The Providence Journal's lead editorial today, "Bring your list to the polls," needles some public-employee union leaders for "trying to take out Democratic legislative leaders who pushed for pension reform last fall" and calls on voters to cast their ballots for the targeted pols. From the piece:

The best known example of the attempt to take out pension-reform leaders is the primary challenge faced by Senate Finance Committee Chairman Daniel DaPonte, of East Providence, from Pawtucket police Lt. (and state Rep.) Roberto DaSilva, who voted against the overhaul and is being well funded by donations from teachers and firefighters.

Then there’s House Finance Committee Chairman Helio Melio, of East Providence, being challenged by John Rossi, a former president of Local 569 of the International Brotherhood of Police Officers and now a public-union organizer.
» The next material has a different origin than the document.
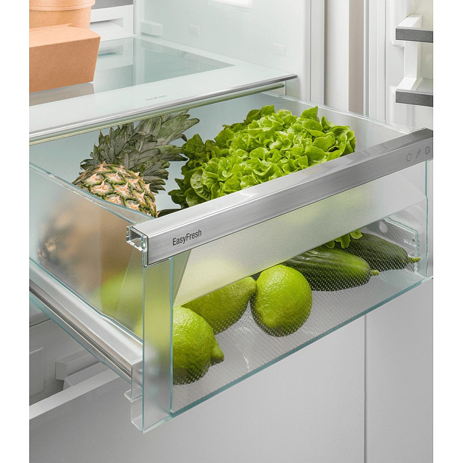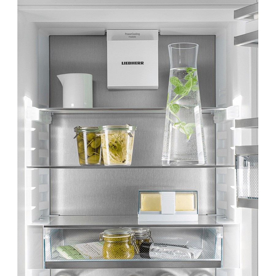 Deze Liebherr ICNd 5153 inbouw koel-vriescombinatie uit de Prime-serie en daarmee aan luxe geen gebrek. De SmartSteel achterwand geeft een professionele uitstraling. Perfecte verlichting met de LED wandpanelen en de deur met SoftSystem sluit altijd zacht. Het FreshAir filter zorgt dat geuren worden geneutraliseerd. In de EasyFresh lade op telescooprails bewaart u groenten en fruit met behoud van smaak en structuur. Eenvoudige bediening met het Touch & Swipe kleurendisplay. Het NoFrost vriesdeel met LED verlichting hoeft u nooit meer te ontdooien. Geschikt voor smarthome toepassingen dankzij de optionele SmartDeviceBox.

The trouble here - other than misspelling Helio Melo's name - is that Rossi is not actually challenging Melo for his seat. He took out nomination papers, but never gathered and filed the appropriate number of voter signatures.

Patrick Crowley, an official with the National Education Association - Rhode Island, has been highlighting the error all day on Twitter. He also argues that the DaSilva-DaPonte race is really more about East Providence politics than the pension fight.

Yes, he says, NEA-RI has backed DaSilva over DaPonte. But labor is hardly united; DaPonte, after all, voted for a binding arbitration bill that was a big priority for the unions.

Crowley's outrage over the DaSilva-DaPonte bit may be a little overdone. At least some public employees are looking to take out DaPonte and it's not unreasonable to assume that his vote for pension reform is a prime motivator.

But the editorial, in the most uncharitable reading, suggests something less than a full command of Rhode Island politics. And it is, at a mimimum, a sloppy piece of journalism.

There is the Rossi error. But the piece also includes a long list of House members who either voted against pension reform or were absent for the vote. Voters, the paper suggests, should take the list to the polls. One problem: at least two of the legislators on the list - Robert Flaherty and John McCauley - are not running for re-election.